33
A note came from Niou, telling once more of his unhappiness. Not wishing to compromise herself at this very late date, she sent back only a poem:
“Should I leave no trace behind in this gloomy world,
What target then would you have for your complaints?”
She wanted also to tell Kaoru of her last hours; but the two men were very close friends and the thought of their comparing notes revolted her. It would be better to speak openly of her decision to neither.
A letter came from her mother: “I had a most ominous dream of you last night, and am having scriptures read in several temples. Perhaps because I had trouble getting back to sleep, I have been napping today, and I have had another dream, equally frightening. I waste no time, therefore, in getting off this letter. Do be careful. You are so far away from all of us, the wife of the gentleman who visits you is a disturbingly strong-minded lady, and it worries me terribly that I should have had such a dream at a time when you are not well. I really am very worried. I would like to visit you, but your sister goes on having a difficult time of it. We wonder if she might be in the clutches of some evil spirit, and I have the strictest orders from the governor not to leave the house for a moment. Have scriptures read in your monastery there, please, if you will.”

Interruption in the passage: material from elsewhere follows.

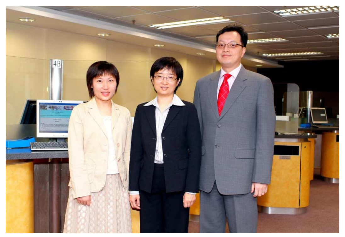
公眾查冊部的管理人員 Managers of the Public Search Division

With the letter were offerings of cloth and a request to the abbot that sutras be read. How sad, thought the girl, that her mother should go to such trouble when it was already too late. She composed her answer while the messenger was off at the monastery. Though there was a great deal that she would have liked to say, she set down only this poem:
“We shall think of meeting in another world
And not confuse ourselves with dreams of this.”

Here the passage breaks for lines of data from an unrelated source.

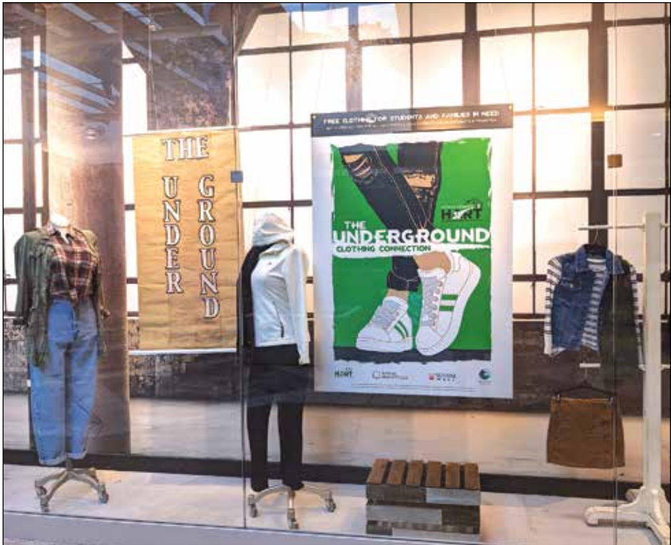
Sunrise Mall offered the former REI 21 space for the new venture at no charge.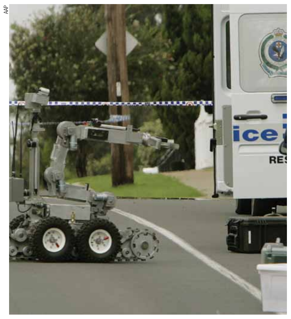
HOMEGROWN HORROR: Australians implicated in potential attacks

www.aph.gov.au/jcpaa jcpaa@aph.gov.au (02) 6277 4615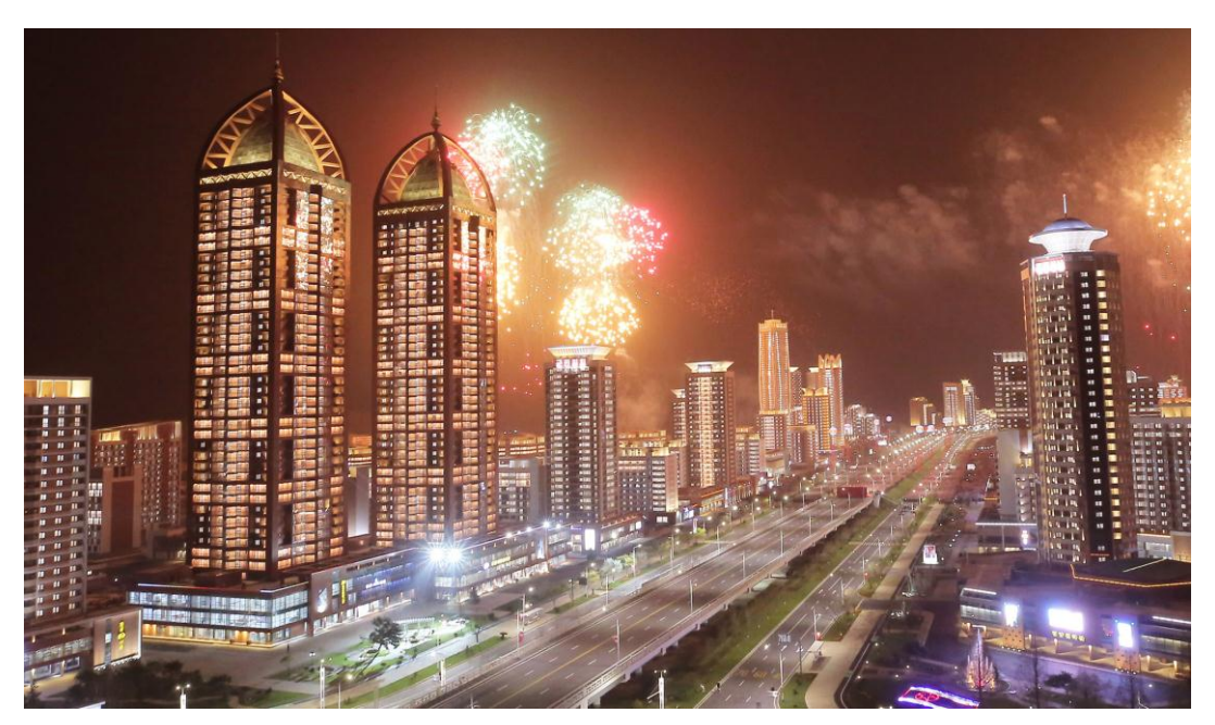
Hwasong Street completed in April 2023

She lay listening to the monastery bells as they rang an accompani-ment to the sutras, and wrote down another poem, this one at the end of the list that had come back from the monastery of the sutras to be read:
“Join my sobs to the fading toll of the bell,
To let her know that the end of my life has come.”
The messenger had decided not to return that night. She tied her last poem to a tree in the garden.
“Here I am having palpitations,” said Nurse, “and she says she's been having bad dreams. Tell the guards to be extra careful. Why _will_ you not have something to eat? Come, a cup of this nice gruel.”
Do please be quiet, Ukifune was thinking. The woman was still alert and perceptive enough, but she was old and hideously wrinkled. Yet another one who should have been allowed to die first—and where would she go now? Ukifune wanted to offer at least a hint of what was about to happen, but she knew that the old woman would shoot bolt upright and begin shrieking to the heavens.
“When you let your worries get the best of you,” sighed Ukon, asking to lie down near her mistress, “they say your soul sometimes leaves your body and goes wandering. I imagine that's why she has these dreams. Please, my lady, I ask you again: make up your mind one way or the other, and call it fate, whatever happens.”
The girl lay in silence, her soft sleeve pressed to her face.